__The records__:
-=-=-=-=-

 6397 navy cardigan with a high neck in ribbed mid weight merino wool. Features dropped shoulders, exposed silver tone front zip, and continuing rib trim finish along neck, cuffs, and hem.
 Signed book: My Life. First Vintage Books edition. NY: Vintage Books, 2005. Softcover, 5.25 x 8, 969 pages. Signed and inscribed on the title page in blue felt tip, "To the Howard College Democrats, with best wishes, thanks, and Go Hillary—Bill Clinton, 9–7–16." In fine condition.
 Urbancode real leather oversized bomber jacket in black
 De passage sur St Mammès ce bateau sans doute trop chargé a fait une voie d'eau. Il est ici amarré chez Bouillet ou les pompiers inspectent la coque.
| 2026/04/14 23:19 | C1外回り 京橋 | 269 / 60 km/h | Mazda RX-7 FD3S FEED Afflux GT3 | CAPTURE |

-=-=-=-=-

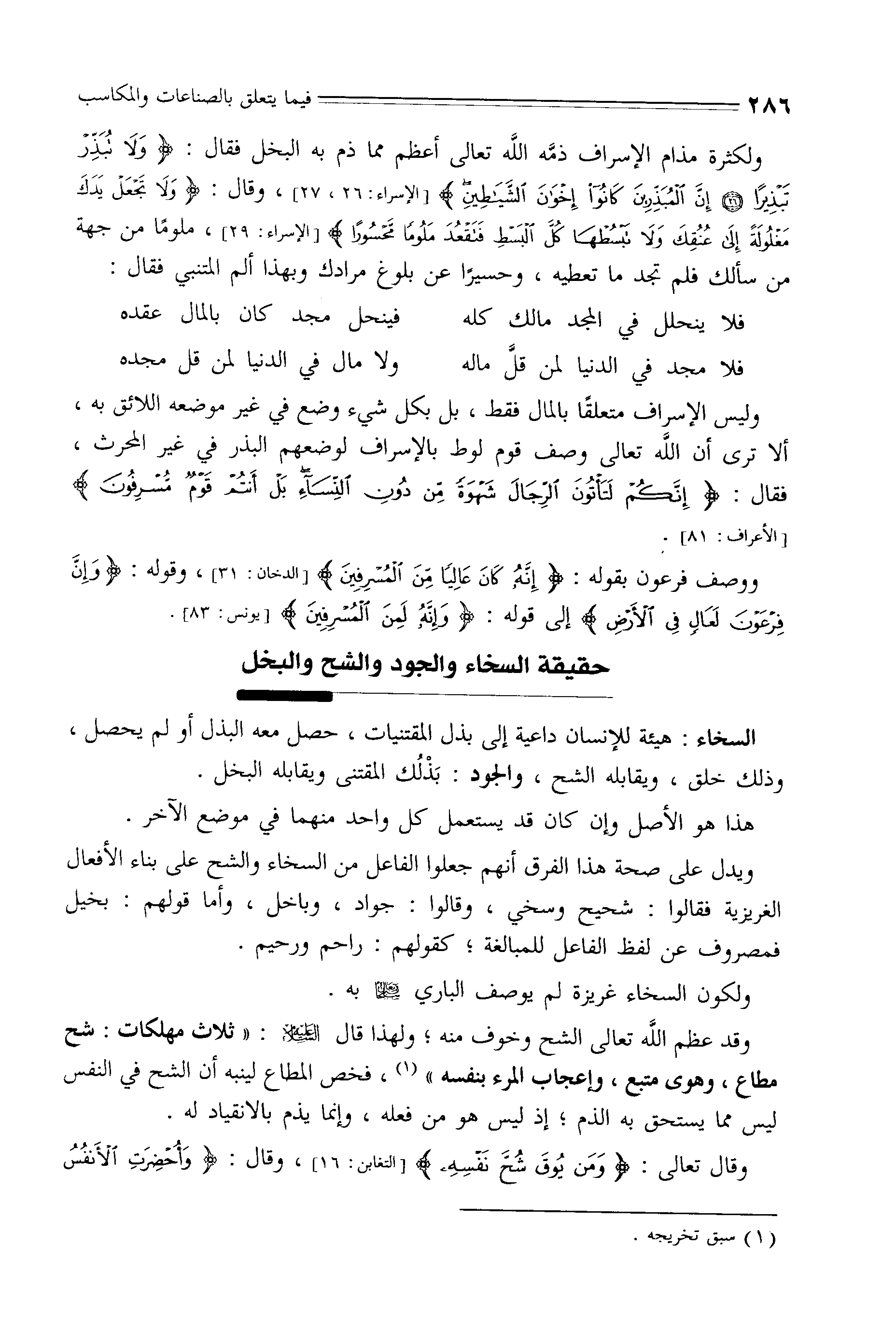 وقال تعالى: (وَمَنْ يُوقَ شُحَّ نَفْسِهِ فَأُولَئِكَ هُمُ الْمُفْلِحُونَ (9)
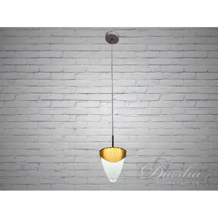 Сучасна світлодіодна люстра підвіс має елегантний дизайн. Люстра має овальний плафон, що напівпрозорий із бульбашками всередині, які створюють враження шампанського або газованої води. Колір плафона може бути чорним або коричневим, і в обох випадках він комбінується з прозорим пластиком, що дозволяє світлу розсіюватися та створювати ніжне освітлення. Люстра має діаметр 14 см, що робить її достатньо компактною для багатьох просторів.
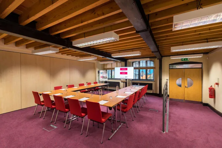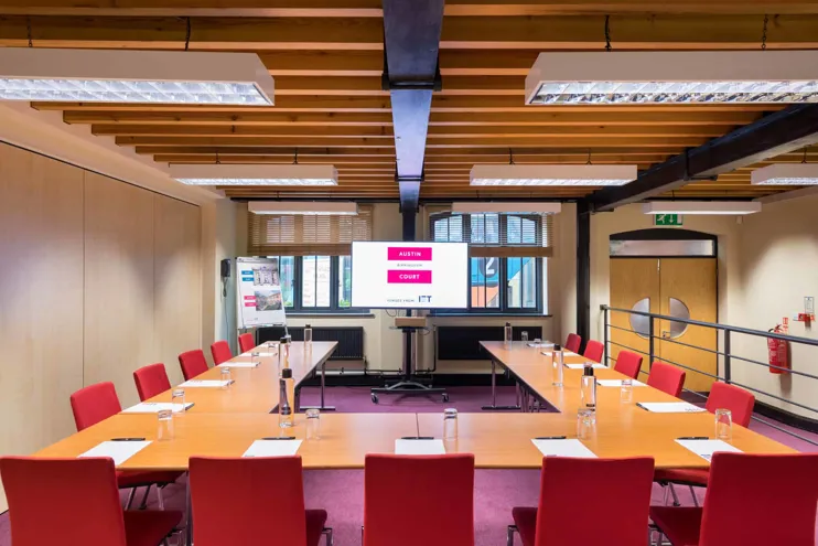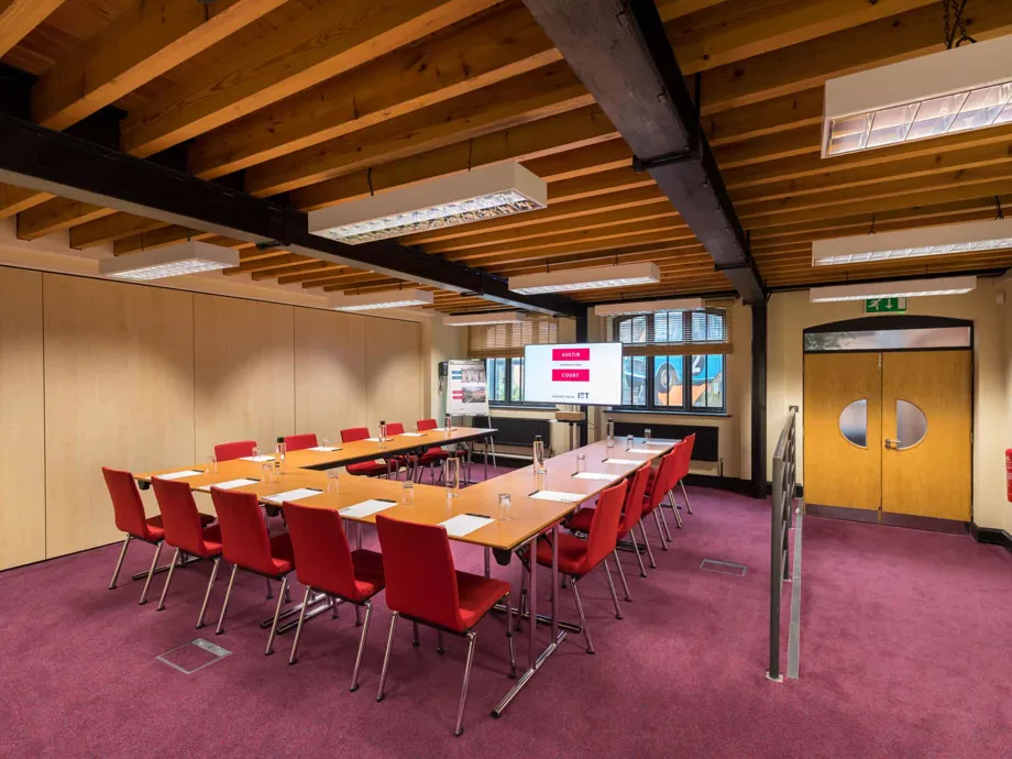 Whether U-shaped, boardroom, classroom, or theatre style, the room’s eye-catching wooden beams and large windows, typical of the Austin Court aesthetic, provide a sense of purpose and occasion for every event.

-=-=-=-=-

__Required action__:
Copy all lines of the records that have the string "with" in them.

__Answer area__:
 6397 navy cardigan with a high neck in ribbed mid weight merino wool. Features dropped shoulders, exposed silver tone front zip, and continuing rib trim finish along neck, cuffs, and hem.
 Signed book: My Life. First Vintage Books edition. NY: Vintage Books, 2005. Softcover, 5.25 x 8, 969 pages. Signed and inscribed on the title page in blue felt tip, "To the Howard College Democrats, with best wishes, thanks, and Go Hillary—Bill Clinton, 9–7–16." In fine condition.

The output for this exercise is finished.